I definitely seem to be in a battle of Spiritual warfare. It seems Satan is always trying to make me feel worthless; therefore, it’s important for me to surround myself with a “friend that loveth at all times.” Knowing that, I am far from being a good friend; I can definitely get wrapped up in “my own little world”.
I was thinking about this on a bit deeper level. There are people in my life who are more like acquaintances. They have really not touched the inner core of my personal being, and I seem to be able to carry on a nice casual conversation. I thought this funny that I could meet a stranger, whom I will never see again, and greet them with a certain nicety.
On the flip side, there are a few that I regard as trusted confidants; those that seem to “loveth me at all times”…even during my bad times. I am sure I catch them off guard with my “irrational” emotions. I can only imagine being my friend can be rather taxing at times. I definitely have a funny way of showing loving kindness on certain occasions. In the midst of trying to understand, or confront, my own emotions–I seemingly confront them emotionally & not always rationally.
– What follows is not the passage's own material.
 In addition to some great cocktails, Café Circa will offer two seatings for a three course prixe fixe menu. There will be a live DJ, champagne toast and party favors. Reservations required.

One moment I can be positively nice, and in the next moment, I can confront them with some insidious remark. I will say this is not a normal practice of mine. Yes, I may say something totally ludicrous; but, not always hurtful. I make no excuses for this behavior when it occurs. I must be sincere in asking for forgiveness when this happens.
…Switching gears with my ADD thinking…
God tries to confront me with His goodness. Sometimes I consider Him to be “interrupting me”, and not think Him to be very important. I am not always thankful for His “interruption” in my life. Like my unwanted emotions on others, it “seems” as though God confronts me at unpredictable times.
On the other hand there seems to be times that I am encountering loneliness, heartache, and pain. During these instances in my life, it “seems” to me that God is not “interrupting” me at all. In fact, I feel as if He is ignoring me.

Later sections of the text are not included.